Fall can be the most exciting time of year to go birdwatching at Año Nuevo State Reserve, when the park becomes a crossroads for an amazing diversity of birds. By late August, the first arctic-breeding shorebirds appear en route to their southern feeding grounds. At the same time, tropical species such as Manx shearwaters, brown pelicans, Heermann’s gulls, elegant terns, and Xantus’ murrelets wander up the coast to dine on schools of silver anchovies and other small fish. A steady mix of arriving and departing species keeps central coast parks busy until at least November. Año Nuevo State Reserve, (650) 879-2025.

September

Among the many species that have settled on California’s Channel Islands, none have diverged so greatly from their mainland cousins as island night lizards. In fact, these black mottled lizards have grown so different after 10 to 40 million years of isolation that scientists have granted them their own genus. Sticking close to rock crevices and never wandering more than ten feet from their daytime sleeping nooks, these six-inch-long lizards are die-hard homebodies. This habit makes their very presence on the barren slopes of San Clemente, San Nicolas, and Santa Barbara Islands somewhat of a mystery. They would be unlikely volunteers for a channel rafting trip on driftwood or fallen trees, as most theories of island colonization propose. Alternatively, the lizards could have been carried offshore on pieces of land torn loose by tectonic activity, a process called vicariant transport.

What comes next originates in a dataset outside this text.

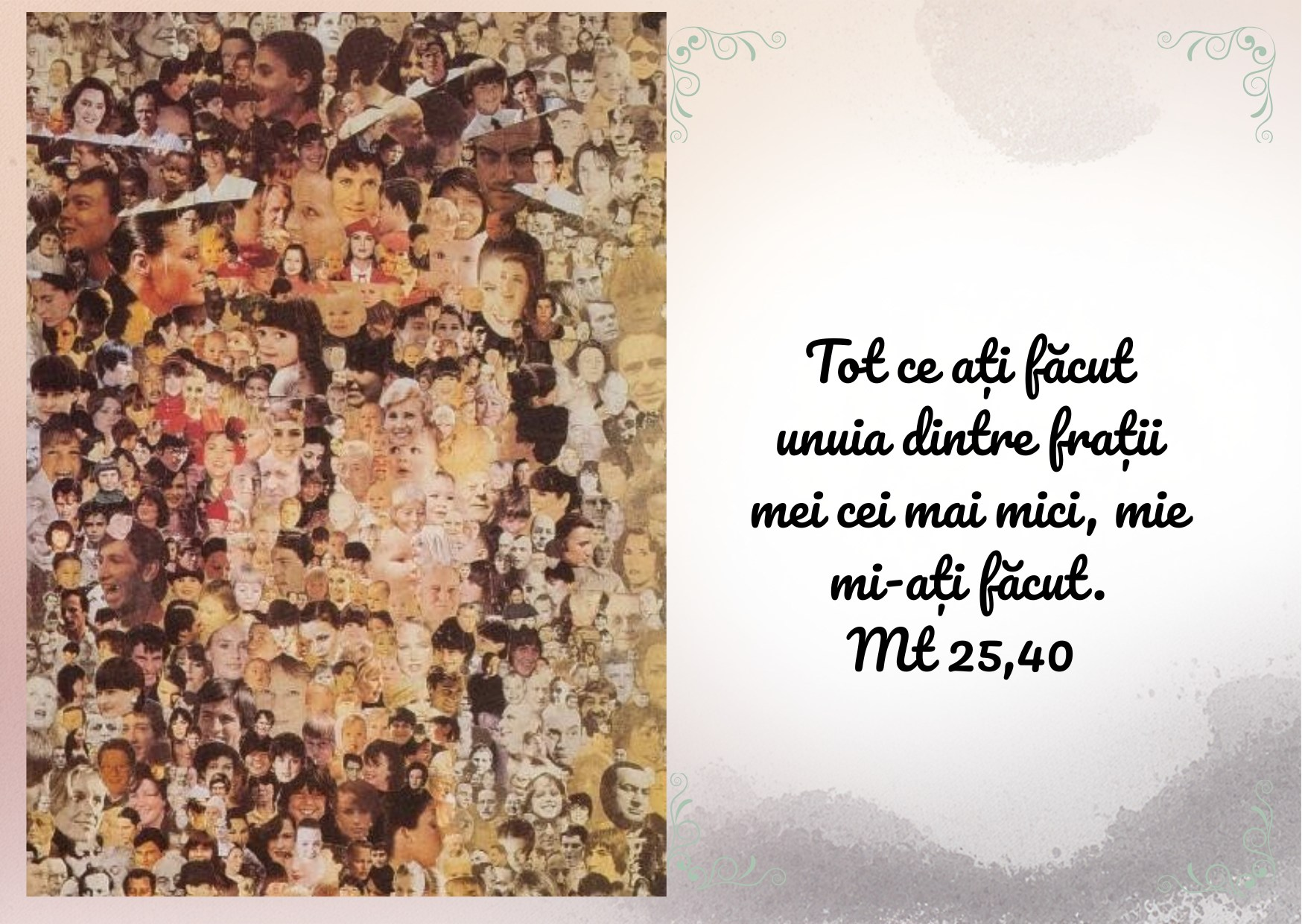 „Tot ce aţi făcut unuia dintre fraţii mei cei mai mici, mie mi-aţi făcut.” Mt 25,40

In the absence of competitors or predators, they have not only evolved to gargantuan proportions compared to most night lizards, but also occur in densities that exceed 3,500 lizards per acre. In late summer, broods of four to nine young are born live, ready to start taking care of themselves.

All along the California coast, the plant community known as coastal scrub comes alive this month with coyote brush flowers. So abundant is this durable plant that in many areas it completely dominates its habitat, shading out the understory and excluding other species. In fall, coyote brush becomes heavily laden with clusters of white flowers that buzz with ceaseless insect activity. The flowers lack the petal-like rays of their sunflower family namesake and resemble the buttonlike center of a daisy. Male and female flowers grow on separate plants. After blooming, female flowers transform into puffy sprays of white downy seeds that scatter widely with each gust of wind.

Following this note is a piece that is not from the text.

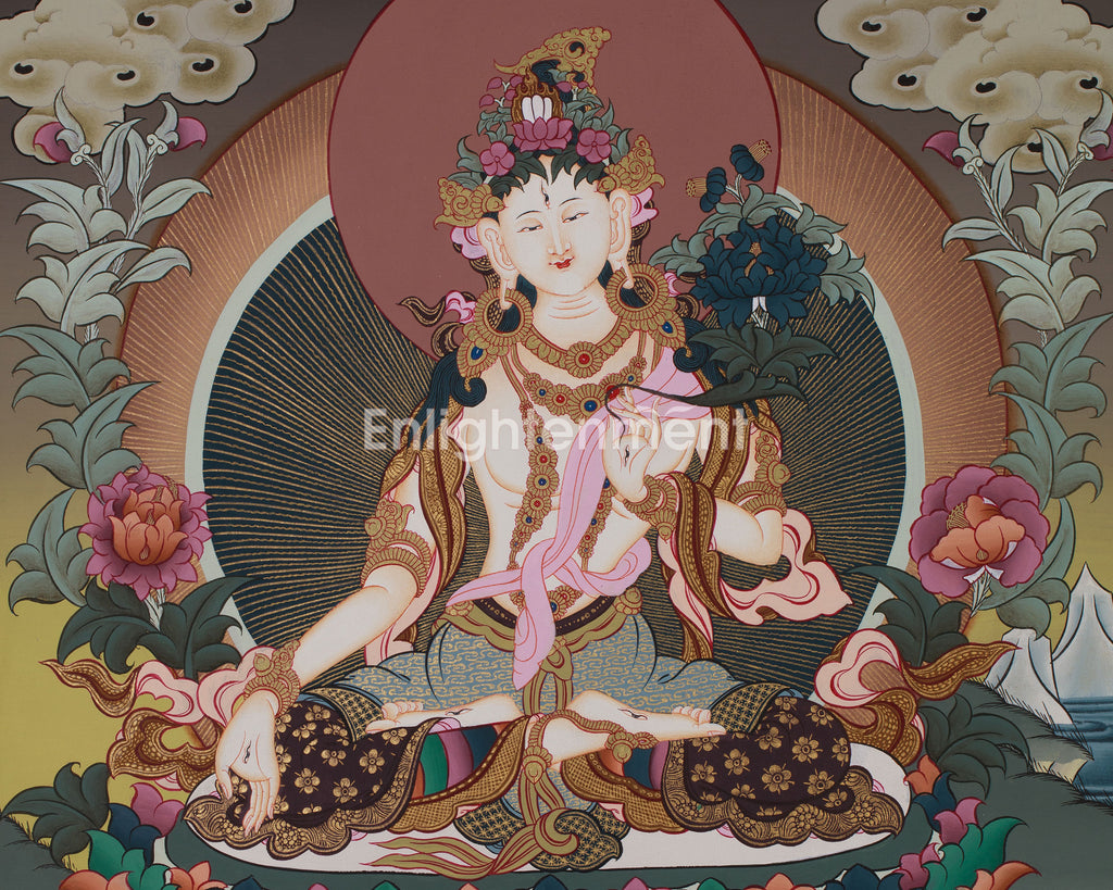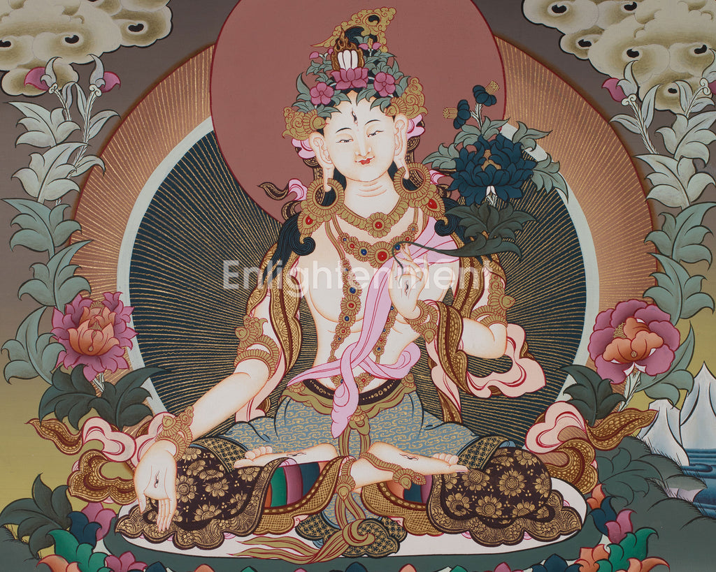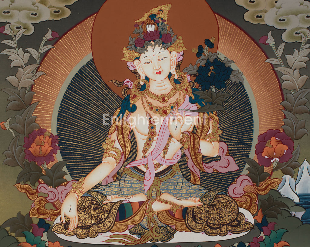 Experience the divine presence of the original hand-painted White Tara Thangka, meticulously created with acrylic colors and authentic 24K gold on cotton canvas. This traditional-style thangka, painted by a talented Nepali artist, captures the heart of Tibetan spiritual artistry. The precise application of 24K gold enhances White Tara's sacred allure, imparting a radiant glow to this exquisite piece. Each brushstroke vividly brings to life the purity and compassion of White Tara, making this thangka a prized addition to any sacred space.

One of the biggest turkey vulture migrations north of Mexico was discovered less than ten years ago in the Kern River Valley east of Bakersfield. Observers now regularly document close to 30,000 vultures, with daily counts reaching as high as 4,500. Celebrate this scavenger at the Kern Valley Vulture Festival, Sept. 26-29 (www.valleywild.org/tvfest.htm) or sign on as a volunteer vulture observer (sanddragon@acninc.net).

The Flying Velvet Ant

Clad in girdles of flaming orange fuzz, female velvet ants are out in search of sweet flower nectar throughout dry central and southern California. These colorful creatures are really wasps, not ants. The conspicuous appearance of females warns of their formidable defenses. An extremely tough exoskeleton, together with the ability to sting rapidly and repeatedly, protects them from all manner of predators. Males lack a sting and look drab. But they do have wings—and employ them to pillage and plunder. Flying all summer long on the lookout for earthbound mates, a male lucky enough to find one will sweep her off her feet, copulate with her in midair, and then drop her, pregnant, back to Earth. The female will then seek out the nest of another wasp, bee, or beetle and lay her eggs by the host’s own larvae. Grown strong on a supply of larva flesh, young velvet ants emerge in spring to start the cycle over again.